Le regard du diable (Hervé Michel)
Hervé Michel, Le regard du diable. City Editions 2019.286 pages. (BANQ M6232r)
Pendant que je lisais ce livre, j'ai retrouve une citation de Siegfried Kracauer qui décrit bien le contenu de, ce roman.
"Ce qui unit [les romans d’auteurs comme Conan Doyle, Gaboriau, Maurice Leblanc, Sven Elvestad et Paul Rosenhayn] et les caractérise tous est l’idée dont ils témoignent et qui résident à leur production : l’idée de la société civilisée parfaitement rationalisée, idée qu’ils comprennent d’un point de vue radicalement unilatéral et qu’ils incarnent sous une forme stylisée par la réfraction esthétique. Ce dont il s’agit dans ces romans n’est pas la reproduction fidèle de cette réalité qu’on appelle civilisation, mais bien plutôt, et dès le début, l’accentuation du caractère intellectualiste de cette réalité. Ils présentent au caractère civilisateur une glace déformante d’où le regarde fixement la caricature de sa propre monstruosité. L’image qu’ils présentent est assez effrayante : elle montre un état de la société où l’intellect sans attaches a conquis sa victoire finale ; une coexistence et une confusion purement extérieure des personnes et des choses qui paraissent ternes et déconcertantes parce qu’elles défigurent jusqu’à la caricature la réalité artificiellement éliminée.
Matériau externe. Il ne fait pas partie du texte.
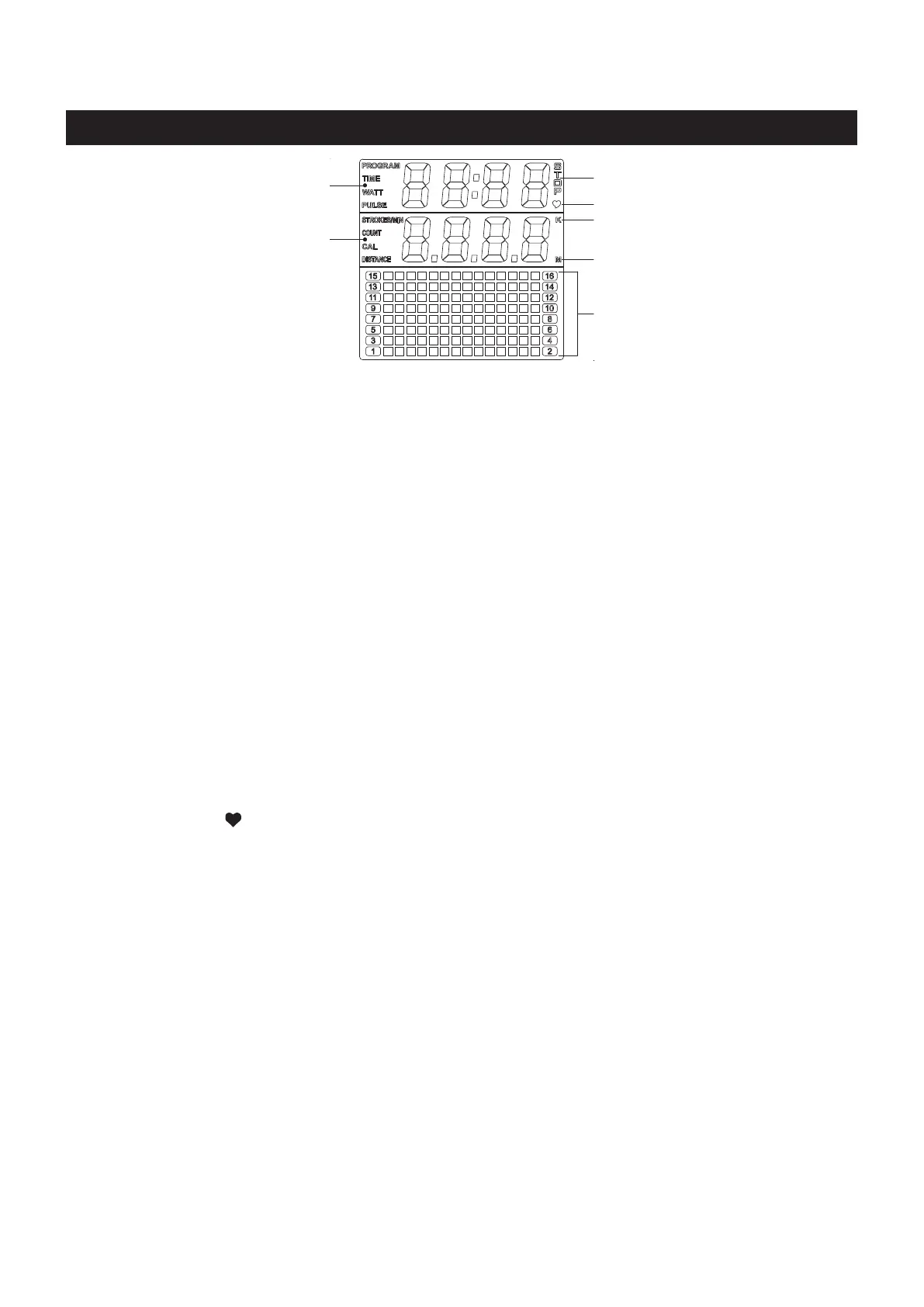 STROKES / MIN : Displays the current strokes per minute during exercise, from zero to 999 strokes per

Au caractère international de cette société que vise le roman policier correspond son domaine d’application international ; à son uniformité dans les différents pays correspond l’indépendance de sa structure par rapport aux particularités nationales. »
Siegfried Kracauer, Le roman policier (Petite Bibliothèque Payot, (2001)
Les crimes se passent à l'Isle en 1808 durant le règne de Napoléon. L'éditeur annonce un "roman policier historique". Mais on en apprend peu sur les particularités de la société de l'époque. Certes les personnages se saluent s'appelant "citoyen" et les policiers venant de Paris pour résoudre le mystère de meurtres "incomprehensibles" sont des officiers de la Grande Armée.
Mais il n'est pas nécessaire d'avoir visité dix fois le tombeau de Napoleon pour suivre le déroulement de l'intrigue... par ailleurs fort habilement construite. L'auteur nous tient en haleine jusqu'a la fin.. peut-être un peu précipitée.
L'auteur fait avancer l'action sans trop chercher a nous convaincre de ses connaissances historiques. Il lui arrive d'ajouter en fin d'action dans un lieu un court paragraphe de "couleur locale" sans que cela ne participe vraiment au déroulement de l'histoire.
- Sur le sofa, un gros homme au facies écarlate transpirait abondamment dans son frac trop étroit, en bavant sur les seins d'une fille qu'il venait d'extirper de leur écrin de dentelle et qu'il malaxait mécaniquement.
Et s'il ne nous parle pas vraiment de cette société, il s'arrête souvent â la descrjption détaillée des lieux.
-Le sol, en marbre blanc, était agrémenté de volutes dorées. Les hautes fenêtres, surplombées de moulures représentant des angelots , étaient habillées de grosses tentures de velours rouge brodées de fils d'or. Tout au fond, une grande cheminée, surmontée d'un miroir qui atteignait le plafond, dispensait une bonne chaleur à la cinquantaine de convives présents.
Un bon roman policier... qui se passe à une autre époque.